Photonic Bandgap Fibers
Photonic bandgap fibers are optical fibers where a photonic bandgap effect rather than a fiber core region with increased refractive index is utilized for guiding light. Such a guiding mechanism normally works only in a limited wavelength region. The conceptually simplest kind of realization is a kind of two-dimensional Bragg mirror.
The earliest realization of photonic bandgap fibers, called Bragg fibers, was based on concentric rings with different refractive index . Later, a special type of photonic crystal fiber has been developed, which also implements guidance with a photonic bandgap [3, 6], but in this case based on tiny air holes.

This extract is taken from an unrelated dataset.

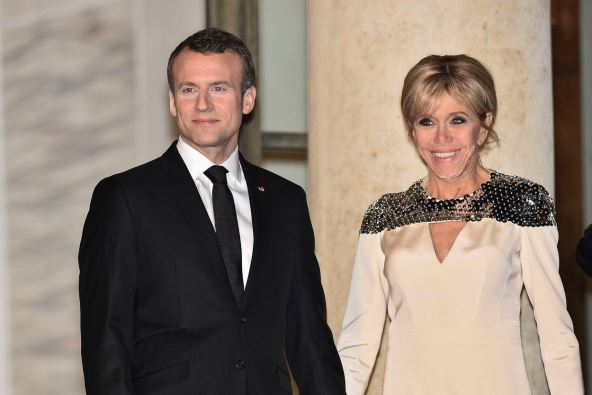 Na svečanoj večeri 64-godišnja Brižit Makron zablistala je u svilenoj beloj haljini do poda, koju su činili detalji poput suptilnog dekoltea sa V-izrezom i sjajnih šljokica pozicioniranih na ramenima i okovratniku kreacije.

The refractive index of the core itself can be lower than that of the cladding structure. The core can even be hollow (→ hollow-core fibers), so that its refractive index is that of air (close to 1). Obviously, the conventional mechanism of guiding light based on total internal reflection could not work here, but a photonic bandgap allows light guiding based on other physical principles. As most of the light is then propagating in air rather than in glass (air-guiding fibers), such kinds of hollow-core photonic bandgap fibers may be used for guiding light in spectral regions where the absorption in the glass is relatively high. For example, light from a CO2 laser may be guided. Also, hollow-core fibers have a very weak nonlinearity, which makes them promising e.g. for the dispersive compression of ultrashort pulses with high peak power, or for the delivery of high-power laser beams.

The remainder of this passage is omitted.